> [Provided information]

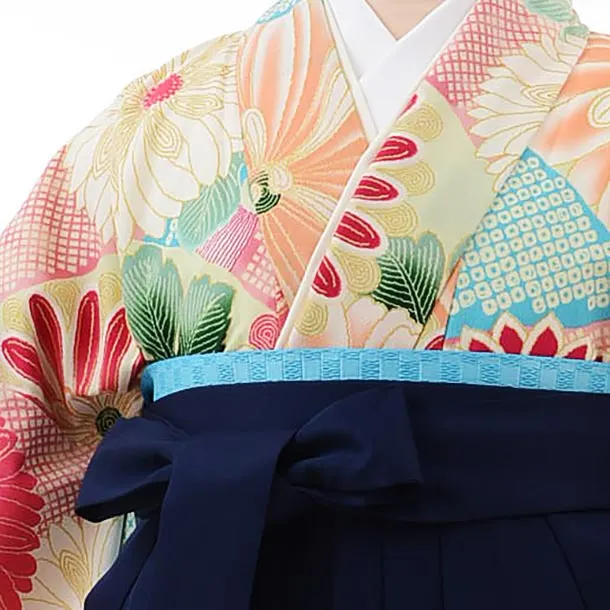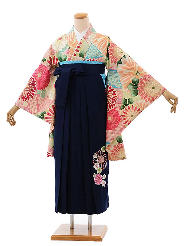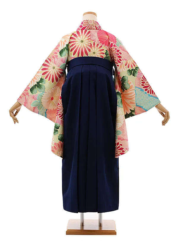 卒業式袴レンタルh524九重ピンク疋田柄菊×紺袴
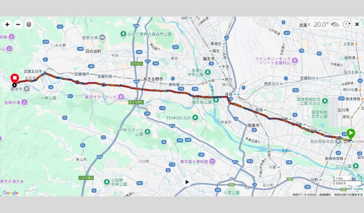 今回走ったコースはこんな感じ。立川からの距離は20kmでした↓
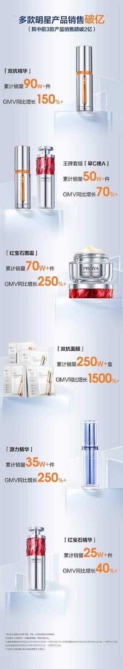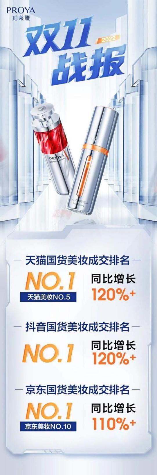 根据天猫公布的2022年双11美妆店铺战报,珀莱雅多款产品的销售额都超过亿元,以及排名前10的产品有5款国产产品,珀莱雅凭早C晚A套组和双抗精华2.0占据其中2席。而在面膜品类中,珀莱雅双抗面膜也首次进入TOP10。从综合销售数据来看,从10月31日到11月11日,珀莱雅官方旗舰店排名第5,仅次于欧莱雅、雅诗兰黛、兰蔻、OLAY,成为天猫美妆top5中唯一国货品牌,也是国货品牌第一。
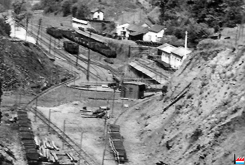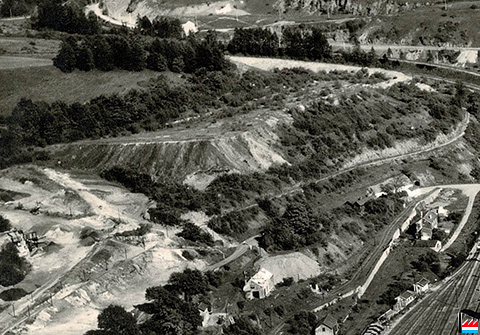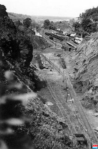 Galerie, genau hannert dem Zementswierk vun Remeleng. Déi Galerie soll schon 90 Joër äusser Betrieb gewiecht sin an komesch ass et gêtt op der ganzer Streck (4 km), keng èng Ofstéip (Foto: 1990 Remo Raffaelli)
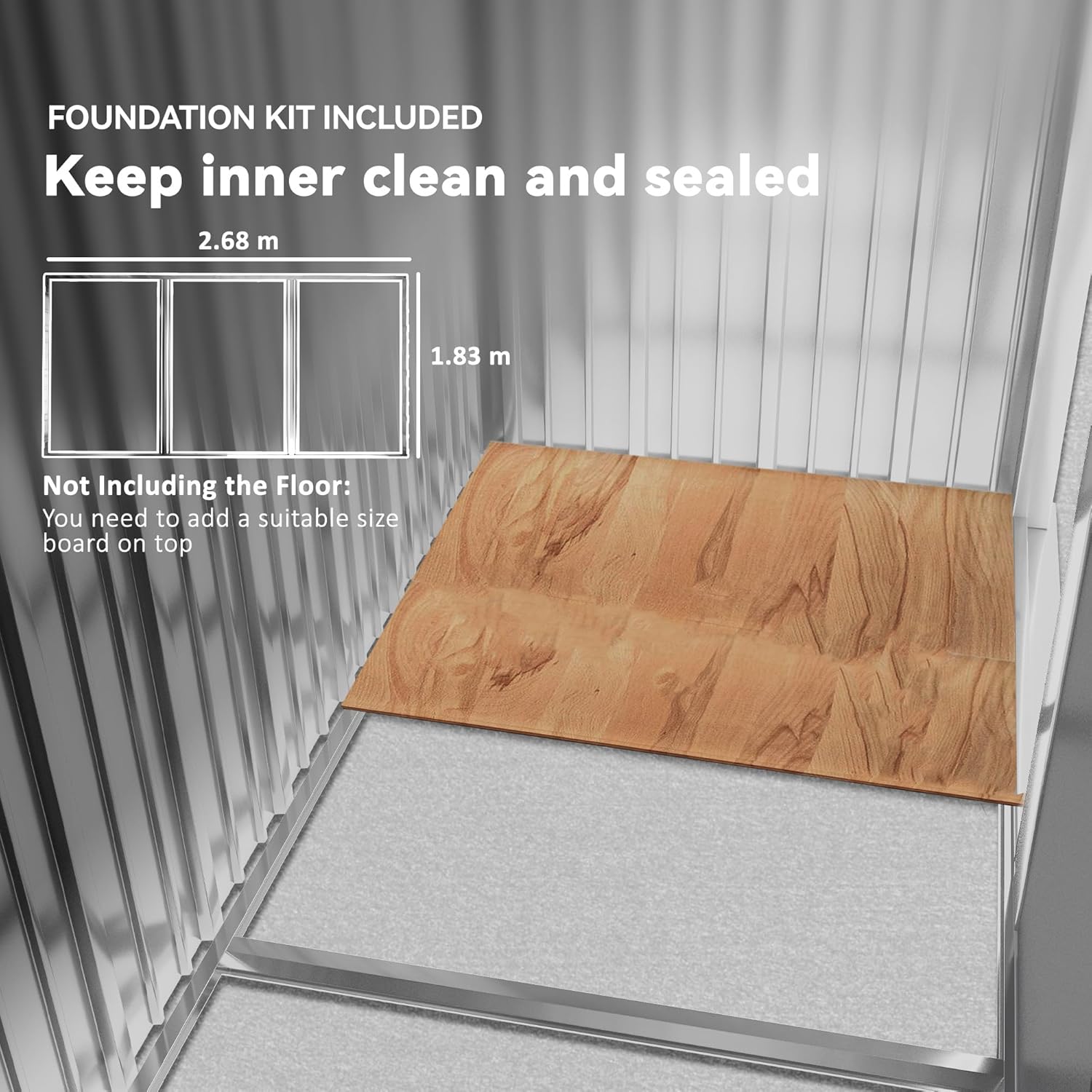 • Weather Ready: This metal shed has a water-safe galvanized steel frame, which makes it great for year-round outdoor use. It also has a foundation kit, which enhances stability by itself or keeps the space clean and sealed as a floor with the help of some wood boards.
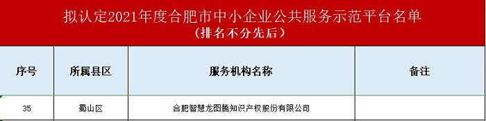 近日,合肥市经济和信息化局公示了2021年度合肥市中小企业公共服务示范平台名单,凭借扎实的服务内容和优秀的服务成果,合肥智慧龙图腾知识产权股份有限公司获此殊荣!
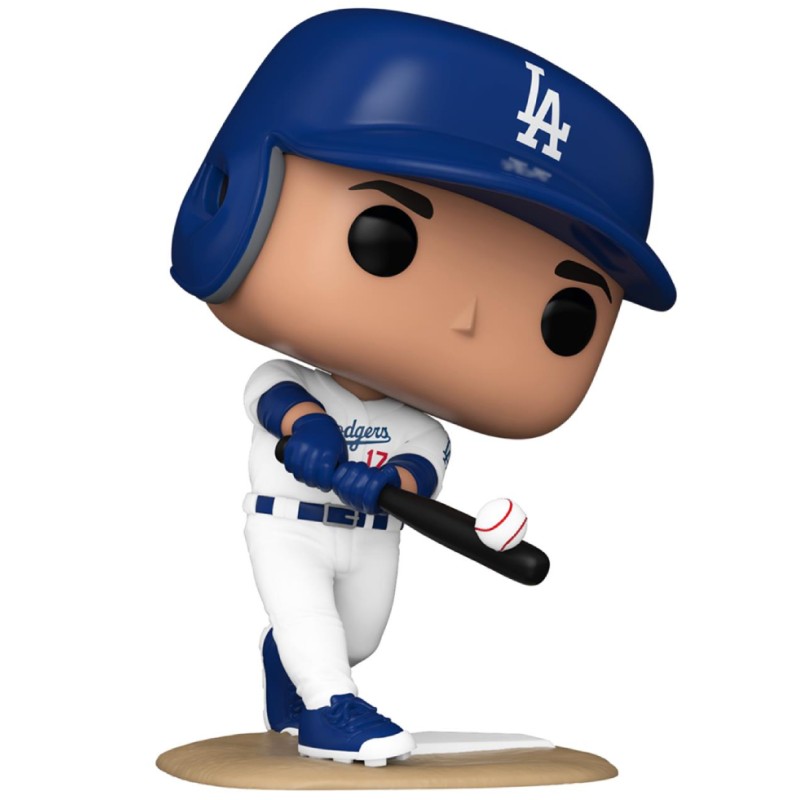 Această figură Funko Pop îl reprezintă pe Shohei Ohtani, jucătorul de baseball japonez renumit, îmbrăcat în echipamentul echipei Los Angeles Dodgers.
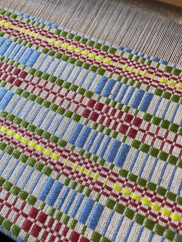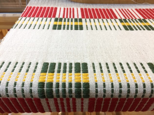 Beth wove a classic three-shed krokbragd technique using a rigid heddle loom.
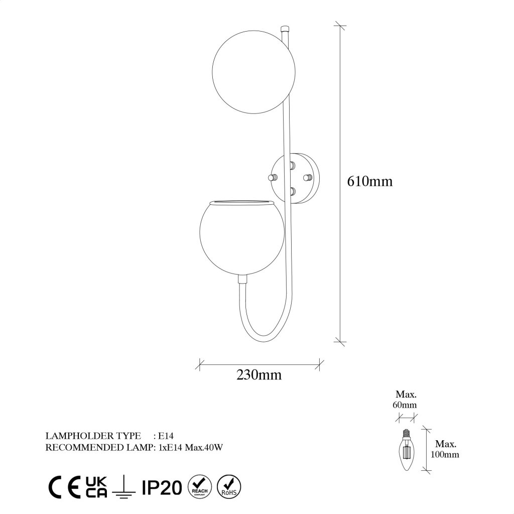 Nádherné nástěnné osvětlení POT od výrobce stylového osvětlení OPVIQ. Svítidlo POT tvoří kovová krytka, ukrývající uchycení a elektrické kabely, ke které je připevněna kovová centrální tyč. Na vrchu je kolmo přichycena objímka pro žárovku a koule z mléčného bílého skla. Tyč je ve spodní části zaoblena a drží tak kalíšek, který můžete využít dle své fantazie. Vše vyrobeno v kovovém provedení s elegantní zlatou barvou.

> [Problem details]
Leaving out all pictures, retype exactly the lines that run from the one containing "根据天猫公布的2022年双1" through the last line of the material.

> [Response area]
 根据天猫公布的2022年双11美妆店铺战报,珀莱雅多款产品的销售额都超过亿元,以及排名前10的产品有5款国产产品,珀莱雅凭早C晚A套组和双抗精华2.0占据其中2席。而在面膜品类中,珀莱雅双抗面膜也首次进入TOP10。从综合销售数据来看,从10月31日到11月11日,珀莱雅官方旗舰店排名第5,仅次于欧莱雅、雅诗兰黛、兰蔻、OLAY,成为天猫美妆top5中唯一国货品牌,也是国货品牌第一。
 Galerie, genau hannert dem Zementswierk vun Remeleng. Déi Galerie soll schon 90 Joër äusser Betrieb gewiecht sin an komesch ass et gêtt op der ganzer Streck (4 km), keng èng Ofstéip (Foto: 1990 Remo Raffaelli)
 • Weather Ready: This metal shed has a water-safe galvanized steel frame, which makes it great for year-round outdoor use. It also has a foundation kit, which enhances stability by itself or keeps the space clean and sealed as a floor with the help of some wood boards.
 近日,合肥市经济和信息化局公示了2021年度合肥市中小企业公共服务示范平台名单,凭借扎实的服务内容和优秀的服务成果,合肥智慧龙图腾知识产权股份有限公司获此殊荣!
 Această figură Funko Pop îl reprezintă pe Shohei Ohtani, jucătorul de baseball japonez renumit, îmbrăcat în echipamentul echipei Los Angeles Dodgers.
 Beth wove a classic three-shed krokbragd technique using a rigid heddle loom.
 Nádherné nástěnné osvětlení POT od výrobce stylového osvětlení OPVIQ. Svítidlo POT tvoří kovová krytka, ukrývající uchycení a elektrické kabely, ke které je připevněna kovová centrální tyč. Na vrchu je kolmo přichycena objímka pro žárovku a koule z mléčného bílého skla. Tyč je ve spodní části zaoblena a drží tak kalíšek, který můžete využít dle své fantazie. Vše vyrobeno v kovovém provedení s elegantní zlatou barvou.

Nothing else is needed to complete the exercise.